After the widely reported claim that GPT-4 scored near the 90th percentile of human test-takers on the Uniform Bar Exam, MIT researcher Eric Martinez published “Re-evaluating GPT-4’s Bar Exam Performance” in May 2023 (later published in the journal Artificial Intelligence and Law in 2024). The paper did not dispute that GPT-4 passed; it challenged how high its percentile rank really was, arguing the 90th-percentile figure was a methodological artifact rather than a measure of standing against practicing lawyers.
Martinez identified several issues. The percentile conversion that produced the 90th-percentile claim was anchored to February bar-exam administrations, which are dominated by repeat test-takers who previously failed and who score well below the overall population - making any given raw score look better than it should. Using more representative data, Martinez estimated GPT-4’s overall UBE percentile at roughly the 68th, and on the essay components closer to the 48th. Compared only against people who actually passed the exam - the relevant peer group for a tool meant to do lawyers’ work - he estimated GPT-4 fell to around the 48th percentile overall and the 15th percentile on essays.

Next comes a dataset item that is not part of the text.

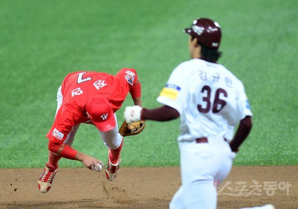 5회말 2사 1루 SK 정현이 내야 땅볼 타구를 실책하고 있다.
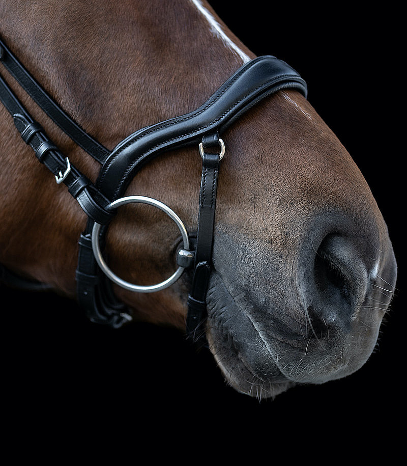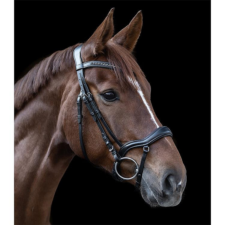 Velmi kvalitní kožená uzdečka Waldhausen Santander v černé barvě. Nátylník, nánosník i čelenka jsou měkkce polstrovány. Uzdečka je elegantně zdobena bílým prošitím a je dodávána společně s otěžemi. K dostání v různých velikostech.

The exchange became a frequently cited example of why benchmark claims about AI deserve scrutiny. The same raw performance can be framed as “top 10%” or “roughly average” depending entirely on the comparison group, and the difference shapes how much trust the public and professionals place in the system.
Why business readers should care: a vendor’s benchmark headline (“90th percentile,” “passes the bar”) can be technically defensible and still badly mislead about real-world capability. The right question is always: compared to whom, and on which subset of the task. Martinez’s paper is a clean template for interrogating an impressive-sounding AI score.